Table of Contents

Student Projection

Technical Details

To make the best use of the projection data, it's important to understand how the projections are created, and therefore, what they can tell you about a student.

To begin, let's consider the idea of projections more broadly. We use projections in our everyday lives. Weather forecasts are projections of what the weather is likely to be in the days ahead. Meteorologists make these projections by building statistical models from weather data. This is similar to how we generate projections in TVAAS.

Consider how meteorologists project the path of a hurricane. As a storm begins forming in the Atlantic, meteorologists record and track data from the storm. To keep things simple for this example, let's just consider one type of data, the storm's position each day. Knowing only where the storm is today doesn't help the meteorologists much in projecting where the storm is headed several days from now. However, looking back at the storm's history does help. Knowing where the storm has been previously and what path it's followed to get to this point provides data for projecting where the storm is headed. The more data the meteorologists have, the better they understand this particular storm.

Meteorologists have been tracking and studying storms for many years, gathering a great deal of data, including the path each storm has followed. This information enables the meteorologists to build statistical models that not only describe how storms typically behave but also project where a storm is headed next.
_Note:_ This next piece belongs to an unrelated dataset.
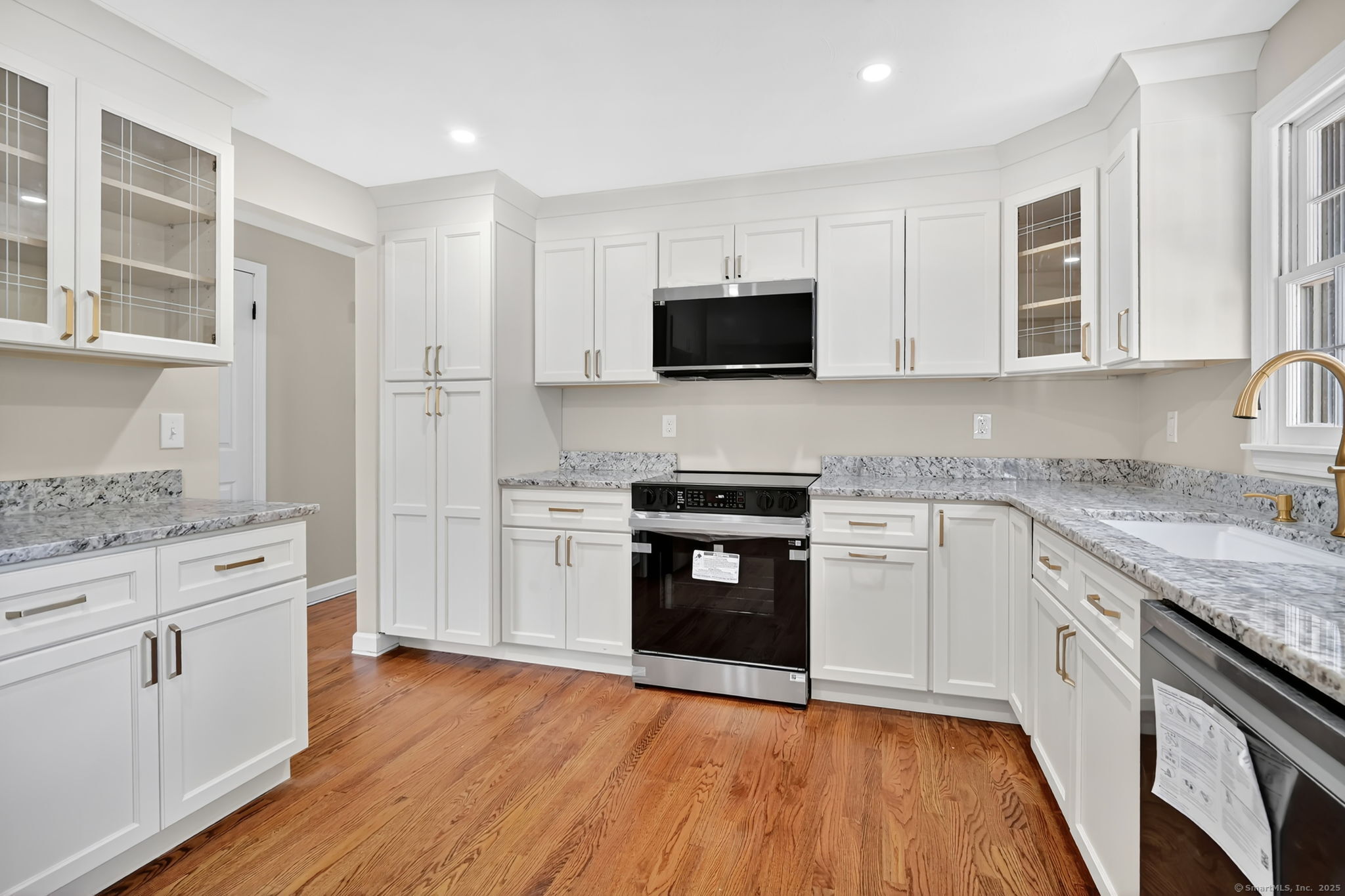 *Highest and best offer by Sunday 12pm, 11/02* Welcome to this beautifully renovated Ranch home featuring 4 bedrooms, 3 full bathrooms and oversized two car garage with attic above the garage, combining comfort and convenience in charming neighborhood. The heart of the house is the brand-new kitchen featuring sleek cabinetry, stainless steel appliances, and granite countertop. The updated bathrooms offer a fresh, clean look with stylish fixtures. Every detail has been thoughtfully curated throughout the interior: fresh paint enhances the airy ambiance, while new recessed lighting illuminates each room beautifully. Red Oak hardwood floors flow throughout the main living areas, bedrooms and luxury Vinyl in family room. The unfinished basement provides storage space or ready for future expansion. Move-in ready and waiting for you to make it your own!

The models generate a projected path for where the current storm will go. To generate the projection, the model considers what path other storms have followed, specifically storms that had histories like that of the current storm. If similar storms tended to follow a particular path, it's reasonable to project that the current storm will follow a similar path, assuming other atmospheric conditions are also similar.

We generate student projections using a similar type of statistical model. To generate a projection, the student's prior test scores are considered. How did the student perform on previous assessments in this subject? And how did the student perform on previous assessments in other subjects? TVAAS uses data across years, grades, and subjects to generate each projection. It can be helpful to think of it this way: how a student performs on a reading assessment affects how the student will perform on a math assessment. A natural relationship exists among subjects, and the projection model takes advantage of this relationship to generate more reliable projections.

To generate projections, we begin with the cohort of students who took the selected assessment in the most recent year. We use these students' scores, along with their testing histories, to build a statistical model. For the students who have not yet taken the selected assessment, we use the model to compare their testing histories across grades and subjects with the previous cohort's scores and testing histories. These relationships determine an individual student's projection that is based on their own personal testing history.

This approach is similar to the way teachers generate expectations for students in their classes at the beginning of the school year.

Let's consider an example.

Mrs. Sanchez, a seventh-grade math teacher, is trying to determine what her expectations are for Calvin, a student in her class. If she knows what Calvin scored on the sixth-grade math assessment, she can begin to set some expectations. However, she doesn't know if that one score is a good representation of Calvin's achievement level in math. What if that was a bad test day for Calvin? On the other hand, what if Calvin guessed at a number of questions and got them right? Because of the amount of measurement error associated with any single test score, knowing only what Calvin scored on last year's assessment isn't enough.

More information would help. What if Mrs. Sanchez also knew what Calvin had scored in reading? That would help her generate a clearer picture of Calvin as a student. Now imagine she knows what Calvin scored on all the assessments, across subjects, for the past few years. Having that much information would help her refine her expectations and ensure that they are reasonable.

For subjects or grades that are projected two years out, we only require two predictors in order to provide these projections.

Calvin is a high-achieving student who has scored well on state assessments for the past few years, especially in math. He completed reading and took the assessment. To provide a projection for Calvin, we:

  1. Determine the relationships between the testing histories of all students and their actual performance on this assessment in the previous year.
  2. Use these relationships to determine what the projection would be for Calvin, given his own personal testing history.

Based upon Calvin's testing history, a score at the 83rd percentile would be a reasonable expectation for him.

In conceptual terms, this is how the projection for a student is generated. A minimum of three prior scores is required for a student to have a projection. That doesn't mean three years of scores, or even three scores in the same subject. It simply means three scores across grades and subjects.

The model determines the relationships between all students' prior assessment scores. By considering how all other students performed on the assessment in relation to their testing histories, the model is able to calculate a projection for each student based on their individual testing history. In Calvin's case, the model would look at the students who took the seventh-grade math assessment in the most recent completed school year.

Remember that the projection is based on the assumption that Calvin will make average academic growth leading up to this assessment. If he makes less progress, he is likely to score lower than the projection suggests. Likewise, if he makes better than average growth, he will likely outperform the projection.